#### Given data
--
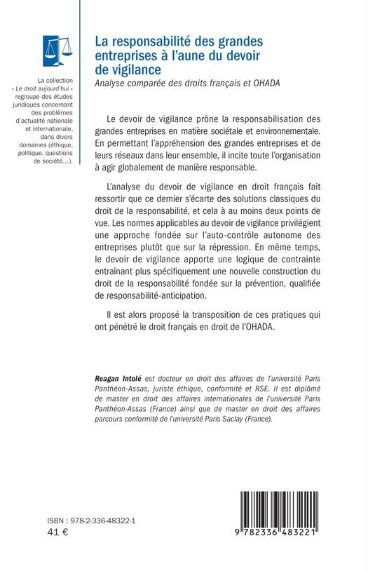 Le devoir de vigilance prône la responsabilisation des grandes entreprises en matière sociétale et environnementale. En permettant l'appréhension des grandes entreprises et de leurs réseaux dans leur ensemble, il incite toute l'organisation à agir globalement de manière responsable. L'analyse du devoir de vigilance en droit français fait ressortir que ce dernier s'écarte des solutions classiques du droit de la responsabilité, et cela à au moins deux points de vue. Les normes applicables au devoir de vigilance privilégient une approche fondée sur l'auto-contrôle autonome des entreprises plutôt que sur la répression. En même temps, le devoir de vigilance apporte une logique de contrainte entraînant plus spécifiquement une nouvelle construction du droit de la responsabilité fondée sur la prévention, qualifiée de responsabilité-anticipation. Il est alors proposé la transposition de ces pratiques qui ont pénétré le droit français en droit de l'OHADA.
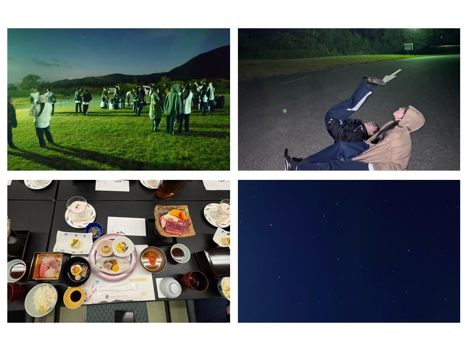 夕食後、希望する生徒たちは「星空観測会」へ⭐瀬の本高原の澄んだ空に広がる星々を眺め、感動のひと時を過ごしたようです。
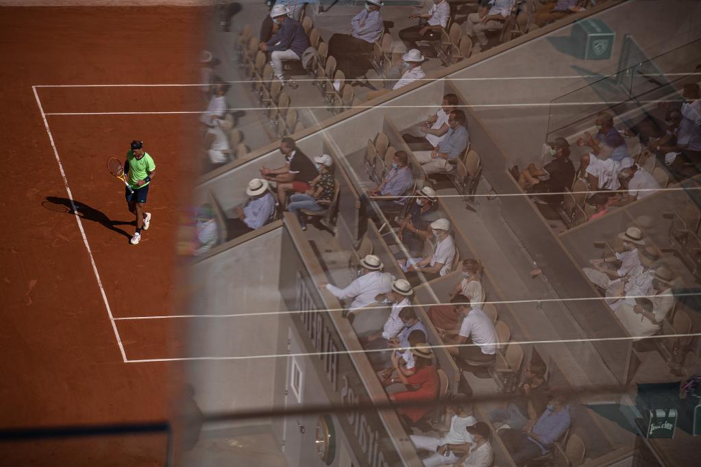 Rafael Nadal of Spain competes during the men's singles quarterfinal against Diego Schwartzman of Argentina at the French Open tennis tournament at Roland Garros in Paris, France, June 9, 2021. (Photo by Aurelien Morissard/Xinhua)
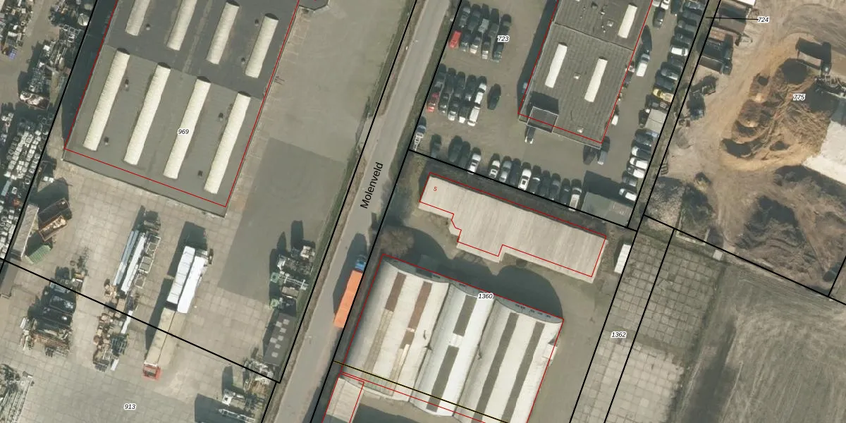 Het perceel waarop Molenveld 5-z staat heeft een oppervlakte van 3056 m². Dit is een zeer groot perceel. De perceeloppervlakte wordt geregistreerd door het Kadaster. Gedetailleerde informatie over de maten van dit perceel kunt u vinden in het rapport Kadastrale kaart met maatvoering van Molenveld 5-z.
--
#### What you need to do
Set down the material above word for word and skip its pictures.

#### Result of this task
 Le devoir de vigilance prône la responsabilisation des grandes entreprises en matière sociétale et environnementale. En permettant l'appréhension des grandes entreprises et de leurs réseaux dans leur ensemble, il incite toute l'organisation à agir globalement de manière responsable. L'analyse du devoir de vigilance en droit français fait ressortir que ce dernier s'écarte des solutions classiques du droit de la responsabilité, et cela à au moins deux points de vue. Les normes applicables au devoir de vigilance privilégient une approche fondée sur l'auto-contrôle autonome des entreprises plutôt que sur la répression. En même temps, le devoir de vigilance apporte une logique de contrainte entraînant plus spécifiquement une nouvelle construction du droit de la responsabilité fondée sur la prévention, qualifiée de responsabilité-anticipation. Il est alors proposé la transposition de ces pratiques qui ont pénétré le droit français en droit de l'OHADA.
 夕食後、希望する生徒たちは「星空観測会」へ⭐瀬の本高原の澄んだ空に広がる星々を眺め、感動のひと時を過ごしたようです。
 Rafael Nadal of Spain competes during the men's singles quarterfinal against Diego Schwartzman of Argentina at the French Open tennis tournament at Roland Garros in Paris, France, June 9, 2021. (Photo by Aurelien Morissard/Xinhua)
 Het perceel waarop Molenveld 5-z staat heeft een oppervlakte van 3056 m². Dit is een zeer groot perceel. De perceeloppervlakte wordt geregistreerd door het Kadaster. Gedetailleerde informatie over de maten van dit perceel kunt u vinden in het rapport Kadastrale kaart met maatvoering van Molenveld 5-z.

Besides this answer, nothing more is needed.